■ EXERCISE BRIEF ■
Repeat the data that follows exactly, starting at the line with "新中式デザインの高級ダブルベ" and ending at the line with "Orange crossbody bag", and leave out every picture.

■ RECORDS FOR THE TASK ■
- - - - -
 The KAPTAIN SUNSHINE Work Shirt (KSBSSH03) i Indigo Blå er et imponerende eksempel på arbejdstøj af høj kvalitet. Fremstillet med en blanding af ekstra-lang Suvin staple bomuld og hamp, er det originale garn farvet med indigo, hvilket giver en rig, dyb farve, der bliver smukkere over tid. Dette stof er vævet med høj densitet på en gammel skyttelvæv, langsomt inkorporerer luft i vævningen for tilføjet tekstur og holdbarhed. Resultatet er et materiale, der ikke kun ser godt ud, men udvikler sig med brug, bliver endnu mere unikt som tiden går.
- - - - -
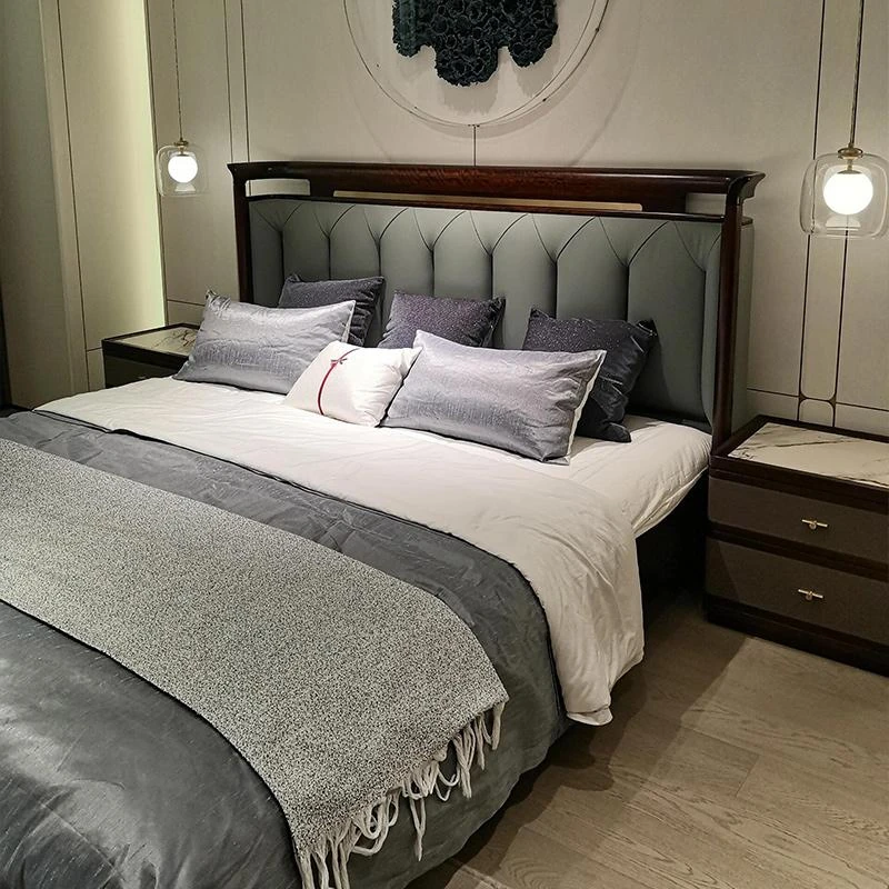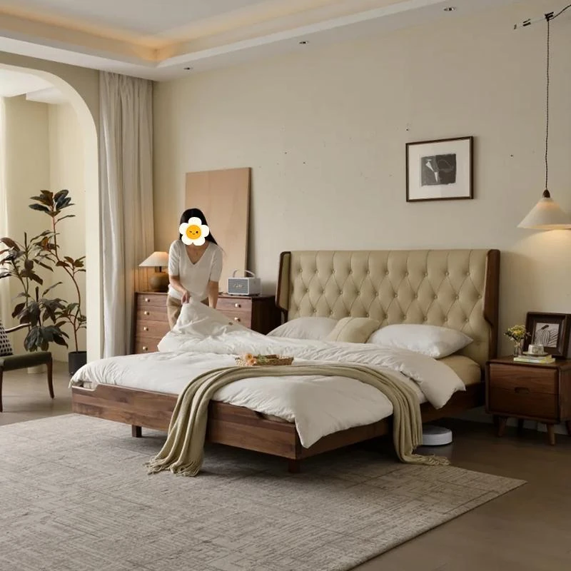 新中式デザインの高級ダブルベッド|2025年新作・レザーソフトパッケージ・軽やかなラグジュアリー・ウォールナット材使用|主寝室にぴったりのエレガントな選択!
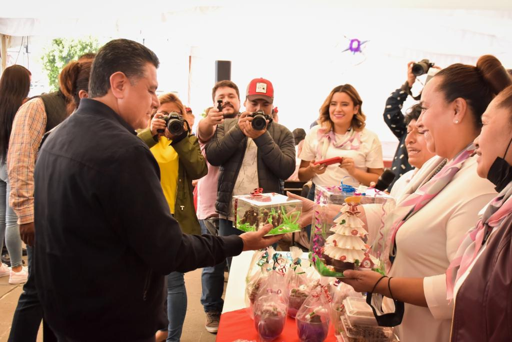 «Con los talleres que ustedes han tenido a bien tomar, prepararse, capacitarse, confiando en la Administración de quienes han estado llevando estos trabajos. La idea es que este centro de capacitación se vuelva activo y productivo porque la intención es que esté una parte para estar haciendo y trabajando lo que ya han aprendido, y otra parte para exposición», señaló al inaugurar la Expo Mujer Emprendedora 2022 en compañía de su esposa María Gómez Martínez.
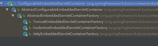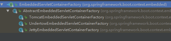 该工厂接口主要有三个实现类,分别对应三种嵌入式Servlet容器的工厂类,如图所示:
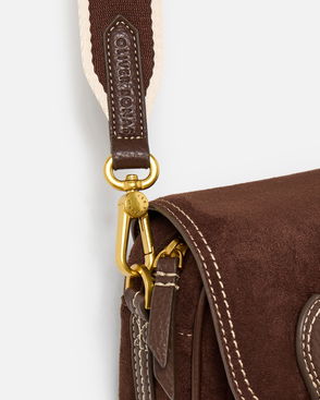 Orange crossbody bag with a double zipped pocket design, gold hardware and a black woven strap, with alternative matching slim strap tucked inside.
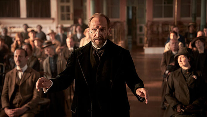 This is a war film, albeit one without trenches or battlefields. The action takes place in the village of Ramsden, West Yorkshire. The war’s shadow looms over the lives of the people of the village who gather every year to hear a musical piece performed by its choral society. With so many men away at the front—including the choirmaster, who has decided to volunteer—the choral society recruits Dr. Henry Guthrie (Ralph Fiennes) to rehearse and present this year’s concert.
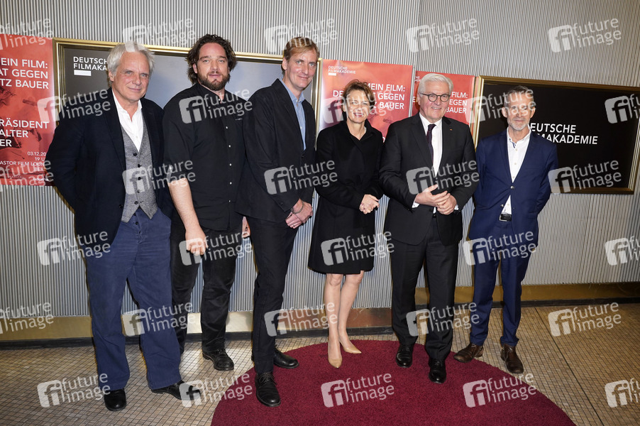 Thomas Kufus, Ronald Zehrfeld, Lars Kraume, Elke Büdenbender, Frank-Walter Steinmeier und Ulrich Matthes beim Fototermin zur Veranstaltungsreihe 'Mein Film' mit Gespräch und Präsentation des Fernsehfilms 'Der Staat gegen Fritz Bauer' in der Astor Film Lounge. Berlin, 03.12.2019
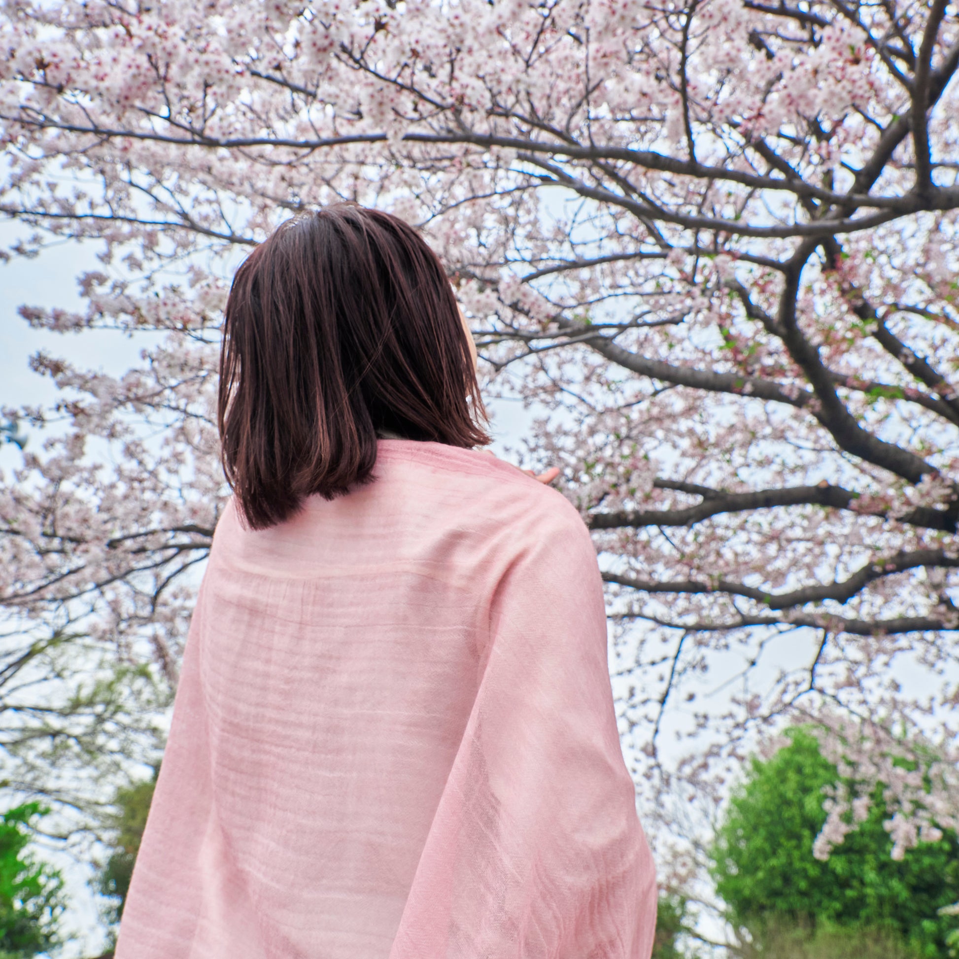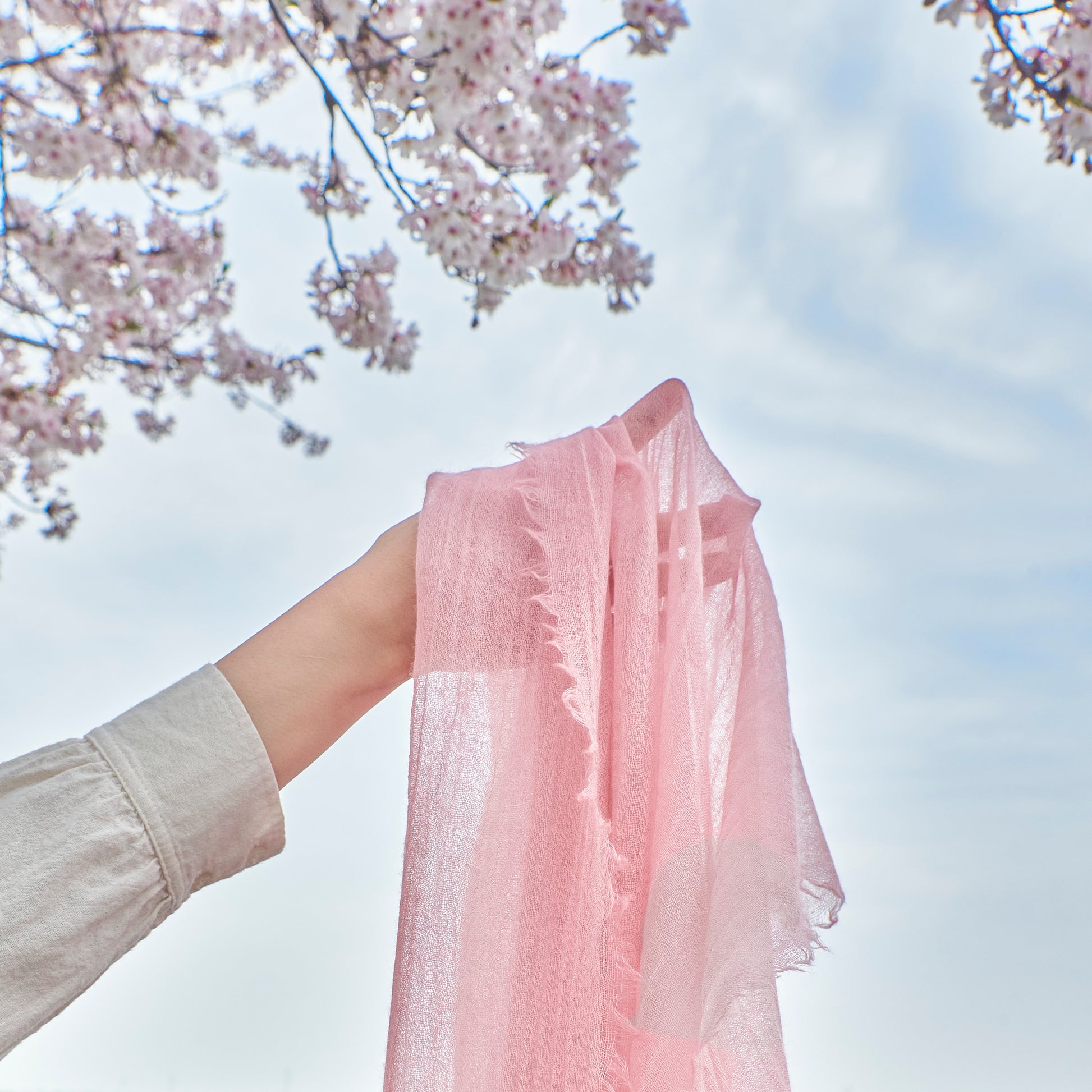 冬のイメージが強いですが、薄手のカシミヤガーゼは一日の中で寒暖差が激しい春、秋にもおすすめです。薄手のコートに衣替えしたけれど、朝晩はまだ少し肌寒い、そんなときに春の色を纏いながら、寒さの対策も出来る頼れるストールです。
- - - - -
■ ANSWER TO THIS PROBLEM ■
 新中式デザインの高級ダブルベッド|2025年新作・レザーソフトパッケージ・軽やかなラグジュアリー・ウォールナット材使用|主寝室にぴったりのエレガントな選択!
 «Con los talleres que ustedes han tenido a bien tomar, prepararse, capacitarse, confiando en la Administración de quienes han estado llevando estos trabajos. La idea es que este centro de capacitación se vuelva activo y productivo porque la intención es que esté una parte para estar haciendo y trabajando lo que ya han aprendido, y otra parte para exposición», señaló al inaugurar la Expo Mujer Emprendedora 2022 en compañía de su esposa María Gómez Martínez.
 该工厂接口主要有三个实现类,分别对应三种嵌入式Servlet容器的工厂类,如图所示:
 Orange crossbody bag with a double zipped pocket design, gold hardware and a black woven strap, with alternative matching slim strap tucked inside.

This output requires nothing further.